Mohammad Reza Darvishi has composed scores for more than 50 films. He has been frequently nominated for Crystal Simorgh of Fajr International Film Festival, but has only won it once. His career is not limited to film score. He has made score music for a lot of Bahram Baizai’s stage plays, has recently conducted Kelidar concert, is studying the works of Abdolqader Maraghe’ei and is preparing a performance of his works in Europe. At the same time, his name is reminiscent of provincial and traditional Iranian music. His works in this field are so numerous that part of his activities has been collected in two volumes of Encyclopedia of Iranian Musical Instruments. You can converse with Darvishi about all aspects of music, composition, and film score.
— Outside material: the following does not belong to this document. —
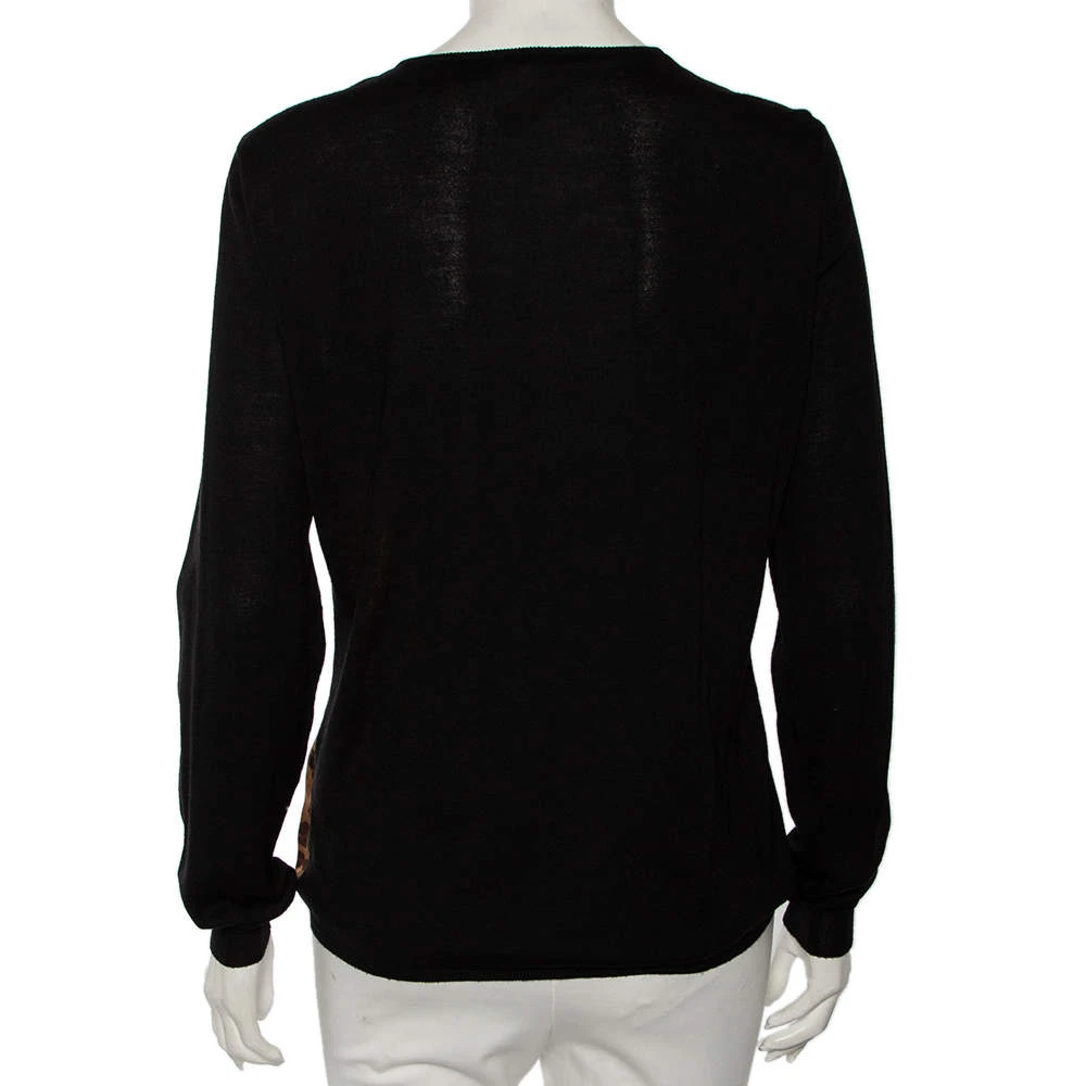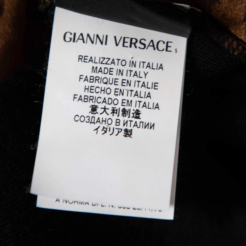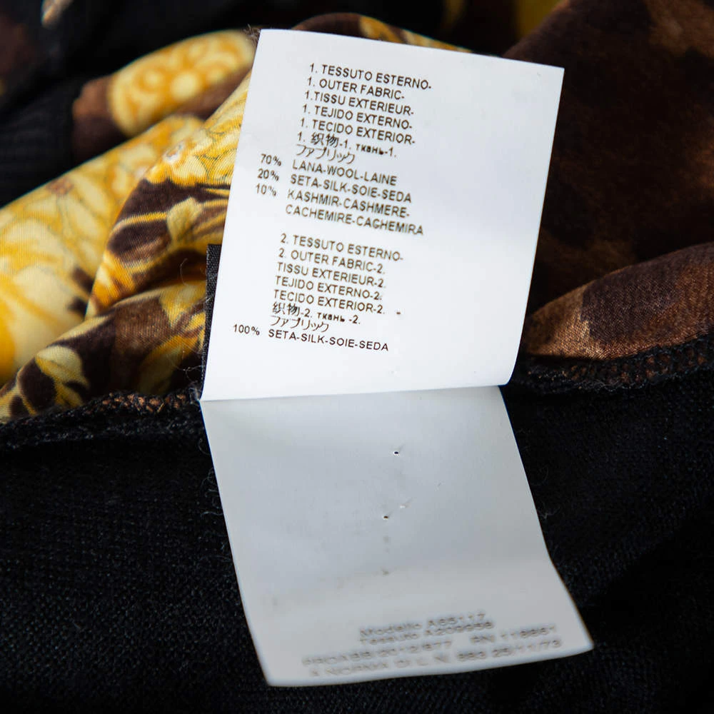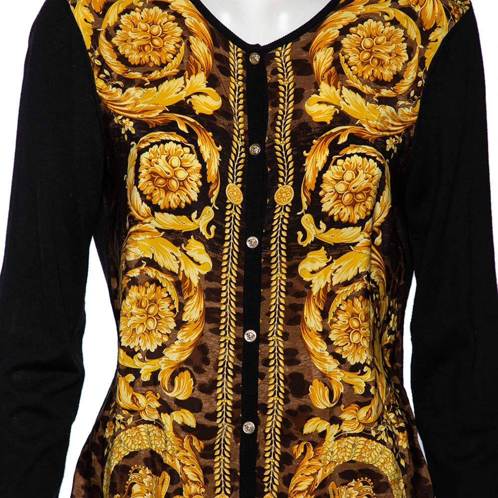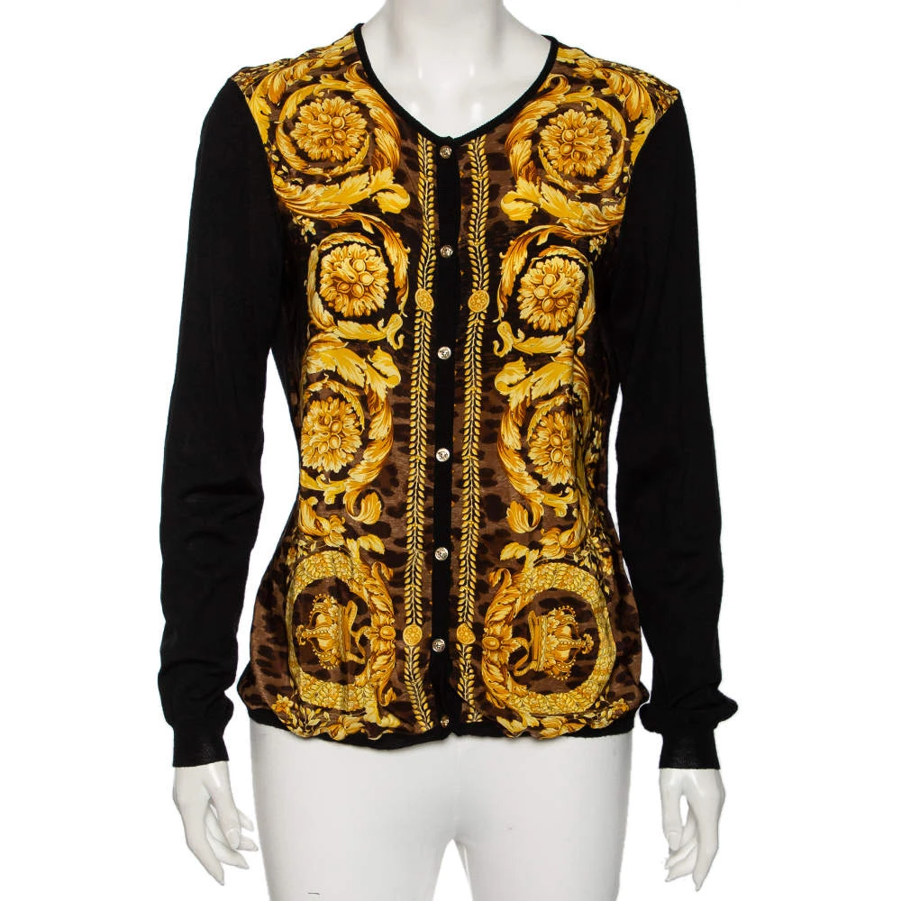 This cardigan from the House of Versace is beautifully made and will elevate your style for the winter. It is tailored using black wool knit and Baroque printed silk. It has paneled detailing, long sleeves, and a button-front feature.

However, the following interview is more about score of When We Are all Sleeping (Bahram Baizai, 2008) and what has been said about composer-director relationship can be generalized as a model for the relationship that exists between other directors and score composers.

The score of When We Are all Sleeping was somehow adapted, wasn’t it?
No. Some say that my score was similar to the main theme of Godfather. Even if that is true, I am satisfied because good or bad, I did not do it on purpose. Later, I realized that the score has been, willingly or unwillingly, influenced by the theme of Godfather. The film’s motif is, one way or another, about godfathers and some think that since the film is about godfathers, I did it on purpose, but I did not. One of those days when I went to Baizai’s office to see the rushes and become more familiar with the general air of the film, I was at another room and Mr. Baizai was whistling a tune at his office. I heard the tune just as I was trying to start composing the score. When I got home that night, I called Mr. Baizai and asked him what musical piece he had been whistling? He said that he didn’t know because he used to whistle whenever he walked. Then I played the same melody on a piano and told him that he was whistling that. But he did not remember. I made it the main theme of the score. Mr. Baizai could not remember what the name of that musical piece was, nor did I. However, I guessed that it was similar to something. Before flying to Ukraine to record the music, I called a number of my composer friends and played the piece on piano for them. Like me, they also said that it was similar to something, but could not remember what. This is the reality. However, even if I had used Godfather theme on purpose, I would not have regretted it. Mr. Baizai once said that if there is somebody in Iran who can play music like Bernard Herrmann, we must not chide him, but should encourage him.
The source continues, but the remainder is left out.